● **ACTIVITY**
When you reproduce the listing, keep every word as it is and drop the pictures.

● **AVAILABLE DATA**
####
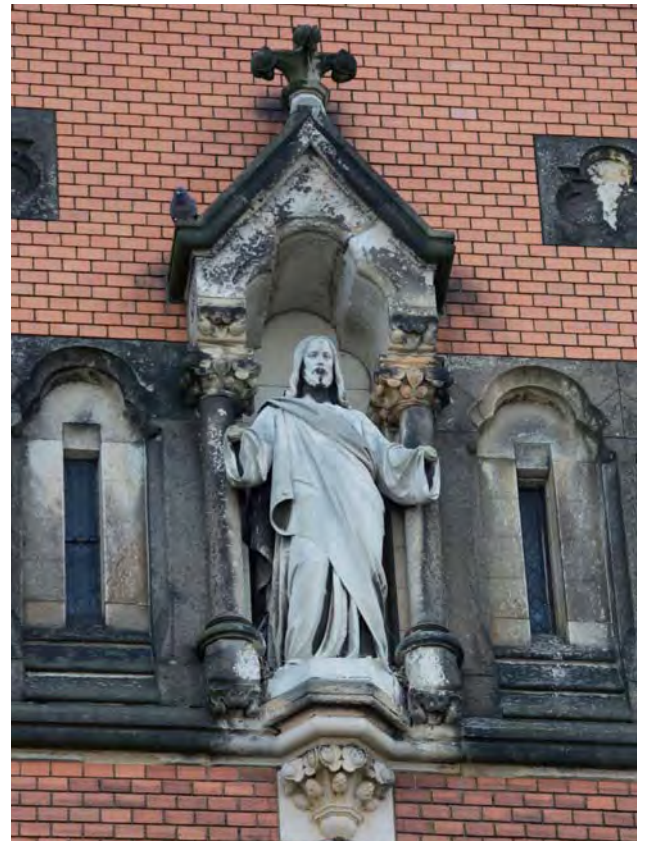
Jesusfigur an der Heilig-Geist-Kirche

dienstags 9.30-11.30 Uhr, SIZI Versöhnungskirche
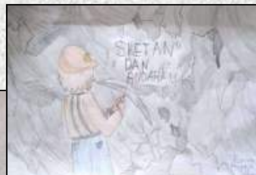
III MJESTO: MUJAGIĆ EMINA IIIC
####
● **SOLUTION TO THE PROBLEM**
Jesusfigur an der Heilig-Geist-Kirche

dienstags 9.30-11.30 Uhr, SIZI Versöhnungskirche
III MJESTO: MUJAGIĆ EMINA IIIC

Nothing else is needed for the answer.